**Your assignment:** When the line with "400 B.C. | |" appears below, start repeating lines exactly, and keep going through the line with "2 комн. квартира"; add nothing outside that span.

Entries taken from a collection:

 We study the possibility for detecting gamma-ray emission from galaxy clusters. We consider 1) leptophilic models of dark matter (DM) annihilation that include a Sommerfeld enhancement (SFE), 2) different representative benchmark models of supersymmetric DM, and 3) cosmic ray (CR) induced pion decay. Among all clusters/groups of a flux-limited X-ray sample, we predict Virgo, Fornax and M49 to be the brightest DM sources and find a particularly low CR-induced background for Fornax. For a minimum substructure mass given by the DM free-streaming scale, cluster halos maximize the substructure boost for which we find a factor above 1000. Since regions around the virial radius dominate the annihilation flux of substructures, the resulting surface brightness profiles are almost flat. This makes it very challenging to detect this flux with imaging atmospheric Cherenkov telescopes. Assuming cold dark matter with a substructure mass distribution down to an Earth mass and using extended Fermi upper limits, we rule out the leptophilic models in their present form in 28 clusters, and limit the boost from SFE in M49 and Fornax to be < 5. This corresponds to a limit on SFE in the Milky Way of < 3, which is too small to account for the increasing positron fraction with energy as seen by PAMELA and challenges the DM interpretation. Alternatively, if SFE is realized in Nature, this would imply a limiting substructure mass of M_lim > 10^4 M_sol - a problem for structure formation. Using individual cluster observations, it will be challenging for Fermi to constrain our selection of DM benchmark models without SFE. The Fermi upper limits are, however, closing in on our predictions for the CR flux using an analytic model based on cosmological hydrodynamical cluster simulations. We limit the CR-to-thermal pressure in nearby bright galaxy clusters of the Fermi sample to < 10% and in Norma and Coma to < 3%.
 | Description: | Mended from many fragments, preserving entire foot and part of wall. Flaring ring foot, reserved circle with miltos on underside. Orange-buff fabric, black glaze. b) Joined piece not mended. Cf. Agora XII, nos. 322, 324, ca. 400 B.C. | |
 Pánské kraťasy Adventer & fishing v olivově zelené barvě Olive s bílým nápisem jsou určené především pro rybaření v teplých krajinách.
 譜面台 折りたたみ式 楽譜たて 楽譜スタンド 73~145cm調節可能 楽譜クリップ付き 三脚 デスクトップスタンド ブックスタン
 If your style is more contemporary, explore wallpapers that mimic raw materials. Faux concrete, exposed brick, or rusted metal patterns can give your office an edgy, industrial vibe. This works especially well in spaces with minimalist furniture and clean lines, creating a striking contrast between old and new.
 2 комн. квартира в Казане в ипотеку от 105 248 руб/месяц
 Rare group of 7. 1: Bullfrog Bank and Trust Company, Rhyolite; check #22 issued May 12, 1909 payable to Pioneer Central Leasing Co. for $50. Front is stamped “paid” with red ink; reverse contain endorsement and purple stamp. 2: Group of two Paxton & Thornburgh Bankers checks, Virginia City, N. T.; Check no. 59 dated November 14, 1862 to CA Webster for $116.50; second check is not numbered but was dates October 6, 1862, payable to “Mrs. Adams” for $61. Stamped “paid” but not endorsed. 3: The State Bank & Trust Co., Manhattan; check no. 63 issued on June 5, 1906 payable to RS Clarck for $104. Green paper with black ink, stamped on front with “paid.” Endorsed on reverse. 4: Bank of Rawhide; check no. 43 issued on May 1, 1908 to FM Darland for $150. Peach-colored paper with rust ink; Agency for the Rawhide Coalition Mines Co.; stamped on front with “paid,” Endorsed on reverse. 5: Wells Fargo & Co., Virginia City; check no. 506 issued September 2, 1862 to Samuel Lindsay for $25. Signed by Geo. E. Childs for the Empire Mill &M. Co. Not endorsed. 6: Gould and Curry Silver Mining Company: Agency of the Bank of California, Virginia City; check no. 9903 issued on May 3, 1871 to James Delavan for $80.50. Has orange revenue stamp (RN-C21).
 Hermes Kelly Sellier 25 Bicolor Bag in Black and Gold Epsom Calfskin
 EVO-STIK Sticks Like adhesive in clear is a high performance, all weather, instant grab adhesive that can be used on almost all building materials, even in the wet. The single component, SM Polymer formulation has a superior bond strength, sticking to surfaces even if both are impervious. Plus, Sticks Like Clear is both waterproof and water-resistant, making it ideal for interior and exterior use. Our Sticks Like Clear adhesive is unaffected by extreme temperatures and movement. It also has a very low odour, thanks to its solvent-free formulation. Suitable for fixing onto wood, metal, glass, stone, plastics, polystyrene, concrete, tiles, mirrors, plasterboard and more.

**Task answer:**
 | Description: | Mended from many fragments, preserving entire foot and part of wall. Flaring ring foot, reserved circle with miltos on underside. Orange-buff fabric, black glaze. b) Joined piece not mended. Cf. Agora XII, nos. 322, 324, ca. 400 B.C. | |
 Pánské kraťasy Adventer & fishing v olivově zelené barvě Olive s bílým nápisem jsou určené především pro rybaření v teplých krajinách.
 譜面台 折りたたみ式 楽譜たて 楽譜スタンド 73~145cm調節可能 楽譜クリップ付き 三脚 デスクトップスタンド ブックスタン
 If your style is more contemporary, explore wallpapers that mimic raw materials. Faux concrete, exposed brick, or rusted metal patterns can give your office an edgy, industrial vibe. This works especially well in spaces with minimalist furniture and clean lines, creating a striking contrast between old and new.
 2 комн. квартира в Казане в ипотеку от 105 248 руб/месяц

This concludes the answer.